By arranging virtual tours to the pristine beaches of west cost or dancing on the tunes opera music or learning to cook exclusive Aussie secret recipes, Australia tourism with their tourism campaign Live From AUS, has managed to keep the travellers engaged online.
Domestic tourism hot spots like the Gold Coast have increased their ad spent to attract more local travellers.
Trans-Tasman travel bubble is also threatened with rising COVID-19 cases in Australia. Last week both Australia and New Zealand prime ministers discussed the possibility of reopening borders for both countries but yet to reach an agreement.
Travel restrictions for international travel will be another reason that medium and long-haul destinations will suffer, ultimately hampering the aviation industry. To survive the airline industry may have to cut the services and increase the airfares. This may not please the customers who are probably already planning the virtual meetings rather than spending on expensive and risky air travel.
Reduced passenger demand and inadequate cargo demand, the aviation industry also faces high debt scenario. As of now, airlines are highly dependent on domestic travel. IATA expects long-haul travel to resume ‘not so soon’.
In June 2020, when airlines started to restart operations, Melbourne Airport welcomes 123,887 passengers, but that was still down from 1,963,625 in June 2019. However, Sydney Airport recorded a bit positive data, with the domestic passenger in June more than double in May.

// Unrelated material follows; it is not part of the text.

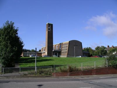 L'église originale de 1874 a été détruite pendant le bombardement de Coventry en 1940, menant à la construction de la structure actuelle en 1957.
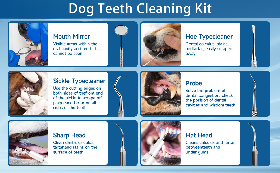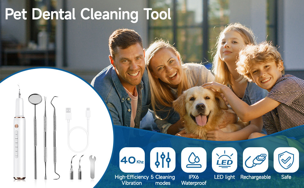 - Comprehensive professional teeth cleaning set: four interchangeable cleaning heads (pointed, flat, etc.), mouth mirror, wrench and USB-C charging cable allow veterinary cleaning at home

Will life get back to the post-COVID scenario? Experts believe, not in the foreseeable future. With the government announcing an extension of its Jobkeeper scheme, the Accommodation Association of Australia and Tourism Accommodation Australia have expressed their gratitude. Jobkeeper scheme has been successful in maintaining employment for 30,000 people, about 75,000 people have already left the industry. Australia’s major accommodation organisations have applauded this positive announcement.

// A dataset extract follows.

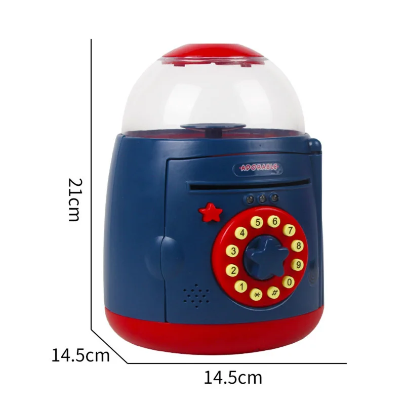 1. Может спеть 2Can рассказать историю 3. Откройте коробку с паролем, разблокировкой отпечатков пальцев, 4. Автоматическая учетная запись 5. Откройте коробку с паролем, переводом на китайский и английский языки 6. Звук и светильник 7. Переместите деньги, чтобы ввести деньги, аккуратно поместите бумажные деньги в депозитный порт, бумажные деньги будут свернуты в денежную коробку, и они будут воспроизводиться с этой музыкой 8. Как играть: Положите монету внутрь и поверните, поместите монету в диск копилки, монета вращается, как танцы, если монета не может войти в диск, она не может вращаться

The multi-billion-dollar scheme will be reduced from its current A$1,500 per fortnight to A$1,200 from October through December and then to A$1,000 for the final three months in 2021.
Tourism Accommodation Australia CEO Michael Johnson believes that international travel is uncertain for at least 12 months; hence domestic tourism is the only way out.
Restaurants and bars are coming up with innovative ideas like offering gift cards.
With an emphasis on local tourism and ensuring the health and safety of the travellers as well as industry workforce is going to be the New Normal. All the major sectors,
Tourism, Aviation and Hospitality, are revamping their strategies to sustain in this crisis, and going forward will implement newer game plans. The operators remain confident that Australia will recover soon and remove restrictions starting with state borders. All this while following the orders from health experts.